L’America adora il vulcano

Carlo Flamini, direttore dell’Osservatorio vino dell’Unione Italiana Vini, ha esposto con estrema chiarezza uno spaccato di numeri davvero entusiasmante, per i produttori dell’Etna, con valori da primi della classe, secondo l’analisi dei dati Wswa (associazione statunitense dei distributori). Nei primi 6 mesi dell’anno le vendite negli States, come noto, non hanno brillato in generale, con l’Italia a -6,5%, rispetto a un totale Usa a -8,8%. Negli Stati Uniti l’Etna rappresenta il 28% dei siciliani a Doc e Docg e se ne vende più bianco (60%) che rosso.

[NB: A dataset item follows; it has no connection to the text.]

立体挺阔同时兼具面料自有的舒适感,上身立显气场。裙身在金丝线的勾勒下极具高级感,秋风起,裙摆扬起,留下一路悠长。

Ed ora i numeri che fanno davvero onore alla denominazione. Sempre nei primi 6 mesi, innanzitutto, ha sostanzialmente tenuto, con un -0.2% (praticamente a pari), caso raro rispetto al già citato -8.8% del mercato. L’Italia vende in generale il 77% off-premise (enoteche, supermercati ecc… dove non si effettua mescita), la Doc Sicilia destina il 48% della produzione a questo canale, mentre l’Etna il 38%. Una particolarità che incide sui prezzi. Nell’on-premise (ristorazione e dove si consuma sul posto) il vulcano addirittura è cresciuto, con un +2,6% contro un’Italia a -4.5% e un totale USA -9.2%.
A livello di prezzi: un dato eclatante è il 34% dei vini dell’Etna venduto nella fascia 25-49,99 dollari, in crescita tendenziale. «L’Etna cresce nel segmento più profittevole e qualificante, cioè la ristorazione», ha chiosato Flamini. Nel confronto con altre tipologie, è una mosca bianca, come Barolo e Brunello, posizionato tra i 15 e oltre 50 dollari. Solo Oakville, il cuore della loro amata Napa Valley, fa meglio con il 90% delle vendite sopra i 50 dollari.

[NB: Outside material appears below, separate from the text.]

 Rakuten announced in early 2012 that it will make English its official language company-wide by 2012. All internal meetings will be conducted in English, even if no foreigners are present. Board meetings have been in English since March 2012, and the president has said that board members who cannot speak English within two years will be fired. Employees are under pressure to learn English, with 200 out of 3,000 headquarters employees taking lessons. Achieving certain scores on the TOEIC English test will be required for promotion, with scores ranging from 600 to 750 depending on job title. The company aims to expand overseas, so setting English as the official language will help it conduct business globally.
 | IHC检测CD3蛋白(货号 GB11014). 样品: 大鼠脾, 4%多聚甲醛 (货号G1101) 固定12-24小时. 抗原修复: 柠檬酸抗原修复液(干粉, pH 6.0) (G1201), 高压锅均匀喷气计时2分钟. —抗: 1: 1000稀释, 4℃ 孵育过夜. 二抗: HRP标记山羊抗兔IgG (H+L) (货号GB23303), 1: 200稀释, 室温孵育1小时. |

Le suggestioni di Luigi Moio

Il prof. Moio, presidente dell’Oiv, dopo aver ricordato la storia e il ruolo della prestigiosa organizzazione internazionale, ha voluto sensibilizzare la platea, di produttori e giornalisti, sulle tematiche a lui care, e in parte espresse all’ultimo VinoVip Cortina, in particolare riguardo alle “trappole” che rischiano di frenare lo sviluppo del settore. In estrema sintesi: l’ondata antiscientifica, l’igienismo estremo che sta diventando ossessione, la trasmissione generazionale viziata da una scarsa conoscenza di viticoltura ed enologia, l’eccessivo tecnicismo nella narrazione del vino, le invenzioni del marketing (dall’ascolto dell’effervescenza degli spumanti agli affinamenti sottomarini), una cattiva interpretazione della sostenibilità, un’eccessiva enfasi di certe mode stilistiche, come la rincorsa a replicare il modello “Pinot nero”. 

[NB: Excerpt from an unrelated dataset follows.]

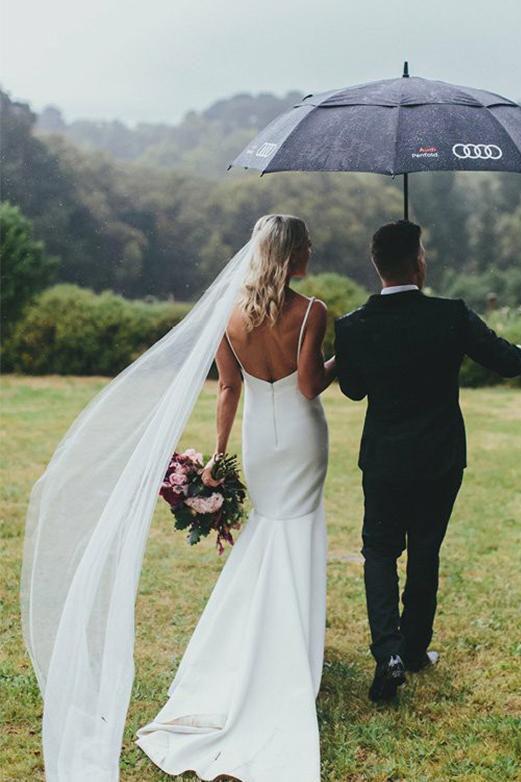 Simple Deep V Neck Sweep Train Mermaid Satin Wedding Dress

In conclusione, Moio ha ricordato, a proposito, che il Nerello non è affatto simile al Pinot, «mentre possiamo dire che l’Etna ha diverse caratteristiche riconducibili alla Borgogna, per come è organizzato il territorio», ha sottolineando riallacciandosi alla presentazione di Bertrand Gauvrit. «Il futuro del vino è in Italia», ha concluso Moio, «grazie al fatto che vantiamo molte varietà tardive (come Nerello, Carricante, Aglianico, Fiano, Greco, Montepulciano, Nebbiolo…)». Certo, a patto che non manchi del tutto l’acqua e che si gestisca bene la vigna.